== DESCRIPTION OF THE TASK ==
Starting at the line with "Julmarknad i Kosta 24 november–23 december." and stopping at the final line, retype the data below exactly; do not carry over any pictures.

Dataset records
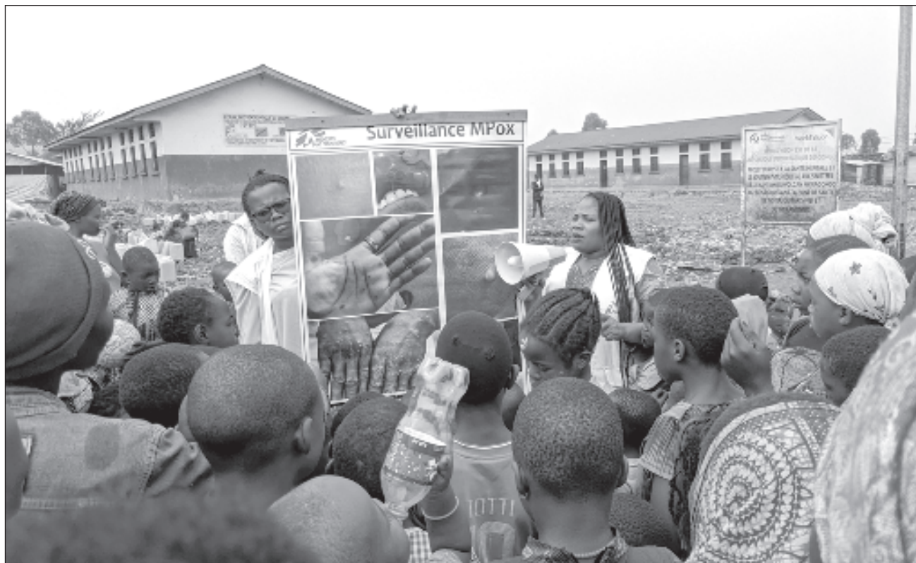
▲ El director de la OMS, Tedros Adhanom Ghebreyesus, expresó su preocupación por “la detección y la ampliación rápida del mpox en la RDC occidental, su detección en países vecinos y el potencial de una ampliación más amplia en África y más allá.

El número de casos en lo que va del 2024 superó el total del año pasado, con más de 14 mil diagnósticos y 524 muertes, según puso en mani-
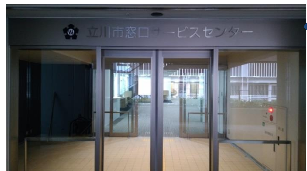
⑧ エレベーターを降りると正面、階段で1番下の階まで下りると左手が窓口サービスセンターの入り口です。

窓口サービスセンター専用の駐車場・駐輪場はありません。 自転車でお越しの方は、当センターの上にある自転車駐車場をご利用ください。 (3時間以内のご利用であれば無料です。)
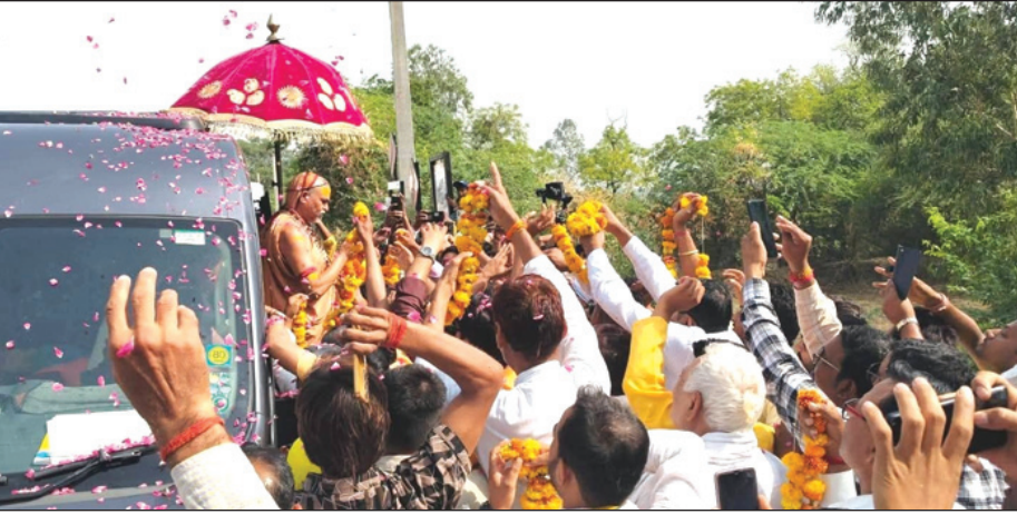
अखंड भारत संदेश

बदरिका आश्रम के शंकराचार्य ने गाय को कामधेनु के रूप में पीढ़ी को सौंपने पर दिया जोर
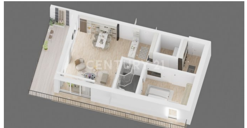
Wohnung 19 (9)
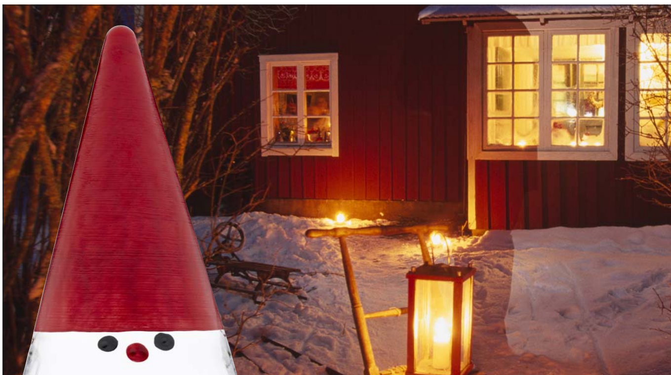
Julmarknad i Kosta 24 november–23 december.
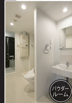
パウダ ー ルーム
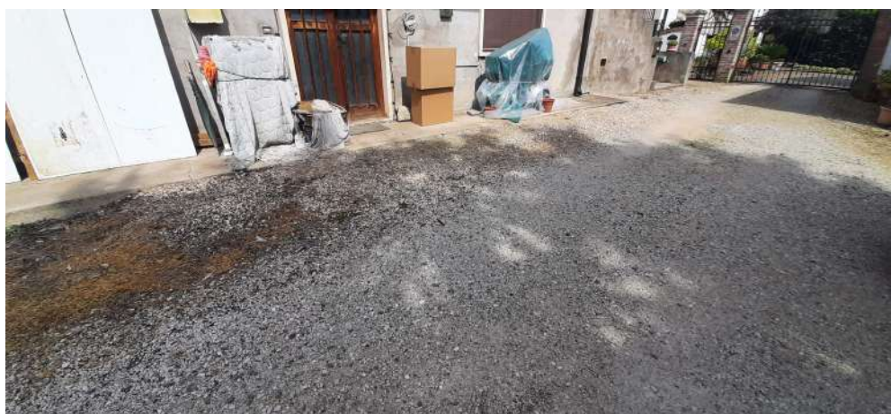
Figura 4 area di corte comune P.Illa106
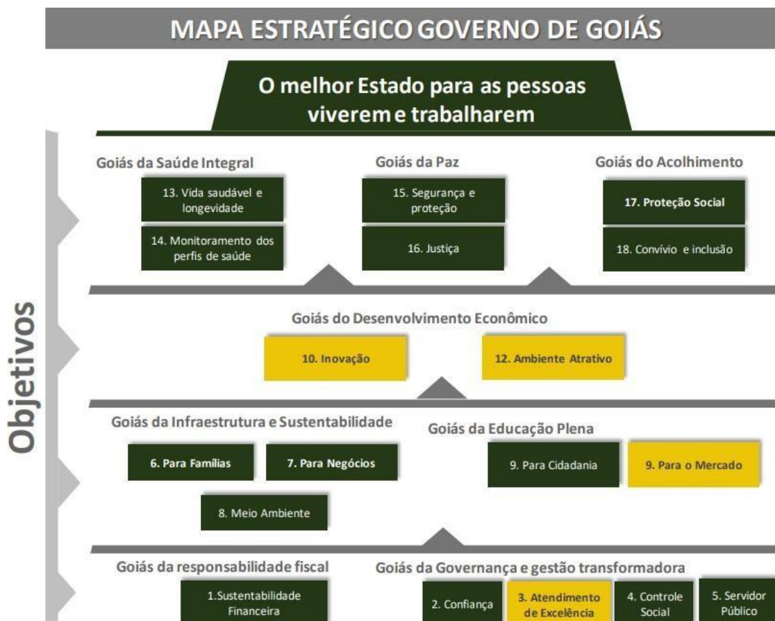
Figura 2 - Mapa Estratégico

== FINISHED EXERCISE ==
Julmarknad i Kosta 24 november–23 december.
パウダ ー ルーム
Figura 4 area di corte comune P.Illa106
Figura 2 - Mapa Estratégico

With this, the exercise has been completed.